TAMPA, Fla., / PRNewswire
An arbitration panel appointed by the Financial Industry Regulatory Authority (FINRA) awarded $32,840,000 in damages plus costs of $1,547,777, in addition to legal fees expected to be several million dollars, to the estate of Roy M. Speer and the Roy M. Speer Foundation following a 13 month arbitration with the investment banking firm Morgan Stanley Smith Barney, and two of its stockbrokers, Ami Forte and Terry McCoy.
The arbitration panel found that Morgan Stanley, Forte and McCoy were guilty of elder exploitation, breach of fiduciary duty, constructive fraud, unauthorized trading and churning, along with negligence, negligent supervision and they were unjustly enriched.

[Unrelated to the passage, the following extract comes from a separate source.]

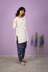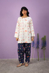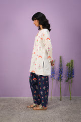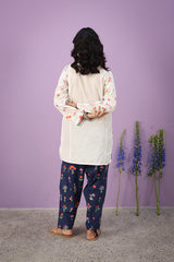 A classic straight-fit paneled kurta, adorned with vibrant Gul Bahar embroidered motifs. The round neckline and placket feature colorful lace detailing with delicate buttons, while the sleeve hems are trimmed with intricate lace. A fusion of elegance and charm. Paired with a contrast embroidered shalwar for a refined look.

This case involved the accounts of Roy Speer, the co-founder of Home Shopping Network, and his Foundation against Ami Forte, his former mistress and stockbroker. The salacious details of the case involving their relationship were largely shielded from the public because FINRA arbitrations are held in closed private sessions.
Lynnda Speer, who was married to Mr. Speer for 52 years prior to his death in 2012 said, “I am very pleased the arbitrators realized Ms. Forte and her colleagues at Morgan Stanley breached their fiduciary duties to Roy and his Foundation and exploited him during a time of his continuing mental and physical decline.”

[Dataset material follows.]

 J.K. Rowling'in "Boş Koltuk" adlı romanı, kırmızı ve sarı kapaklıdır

“We are hopeful the outcome of this case will prevent other elderly investors from being taken advantage of by their stockbrokers,” Mrs. Speer added.
Guy Burns, the attorney for Mrs. Speer, said, “These hearings lasted for over 13 months as Morgan Stanley, Ms. Forte and her branch manager Mr. McCoy gave this case the most vigorous defense possible; but, in the end, they could not defend their outrageous conduct.”
The Speer interests’ were represented by Guy M. Burns and Scott C. Ilgenfritz from the Tampa office of Johnson Pope Bokor Ruppel & Burns law firm, who have a long history of successfully representing claimants in securities matters.